Yeah, Stone takes the lead!


----------



## Darkness (Jul 16, 2005)

Brother Shatterstone said:
			
		

> Such as?  (Sorry, I've played with polls in the talking the talk forum before...  I would like to know what I'm breaking.  )



 Number of voters (total, as opposed to votes _per entry_), in multiple-choice polls, won't change.


----------



## Brother Shatterstone (Jul 16, 2005)

Darkness said:
			
		

> Number of voters (total, as opposed to votes _per entry_), in multiple-choice polls, won't change.



Ah, cool.


----------



## Wolflord (Jul 16, 2005)

I must say, I really like the Bone Knight.


----------



## Brother Shatterstone (Jul 16, 2005)

Wolflord2176, first good choice on the bone knight.   Second, that's a really big signature you got there...  Do you think you could cut it down a little or maybe sblock part of it?  

[sblock]
	

	
	
		
		

		
			




Blow, blow, thou winter wind
Thou art not so unkind,
As man's ingratitude. 
- William Shakespeare

Don't walk behind me, I may not lead.
Don't walk in front of me, I may not follow. 
Just walk beside me and be my friend. 
- Albert Camus[/sblock]

(Quote me to see the code on how to do it.  )

Oh and welcome to ENworld!


----------



## Wolflord (Jul 16, 2005)

Does my sig look better? Thanks for the cheery hello.


----------



## Brother Shatterstone (Jul 16, 2005)

Wolflord2176 said:
			
		

> Does my sig look better?




That doesn't look to bad to me. 



			
				Wolflord2176 said:
			
		

> Thanks for the cheery hello.




You're more than welcome.


----------



## Wolflord (Jul 16, 2005)

Brother Shatterstone said:
			
		

> That doesn't look to bad to me.



Great. Last thing I want to be is a bother.


----------



## Knight Otu (Jul 19, 2005)

One more day for the poll before it closes! Every option can still win!


----------



## Knight Otu (Jul 21, 2005)

And it is DECIDED! Behold my new FACE!


----------



## Brother Shatterstone (Jul 22, 2005)

Knight Otu said:
			
		

> And it is DECIDED! Behold my new FACE!




You’re really ugly and evil looking but I like it!


----------



## Jdvn1 (Jul 22, 2005)

Close poll. So the intent was to make KO ugly? Probably wasn't hard to do.


----------



## Knight Otu (Jul 22, 2005)

Brother Shatterstone said:
			
		

> You’re really ugly and evil looking!



How do you know? Did you hack into my webcam?


Wait... I don't have a webcam...


----------



## Ankh-Morpork Guard (Jul 22, 2005)

Knight Otu said:
			
		

> Wait... I don't have a webcam...




Oh crap!
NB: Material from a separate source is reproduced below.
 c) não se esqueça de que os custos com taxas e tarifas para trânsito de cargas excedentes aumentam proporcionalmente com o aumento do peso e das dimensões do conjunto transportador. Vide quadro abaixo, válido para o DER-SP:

He's found us! Quick, everyone run!! And don't leave the rifles!


----------



## Knight Otu (Jul 22, 2005)

Jdvn1 said:
			
		

> Close poll.



Not yet, Darkness!


----------



## Brother Shatterstone (Jul 22, 2005)

Knight Otu said:
			
		

> Not yet, Darkness!




You’re wearing your new avatar...  Why do you need the poll opened?


----------



## Knight Otu (Jul 22, 2005)

Technically, the poll is already closed. I wa thinking thread, actually. I want to give people a chance to tell me how big a mistake I made.

Doesn't need to survive long, but it'll die soonish anyway.


----------



## Jdvn1 (Jul 22, 2005)

Well, in that case...

What a dire mistake! Egad! Your avatar will explode any minute now!


----------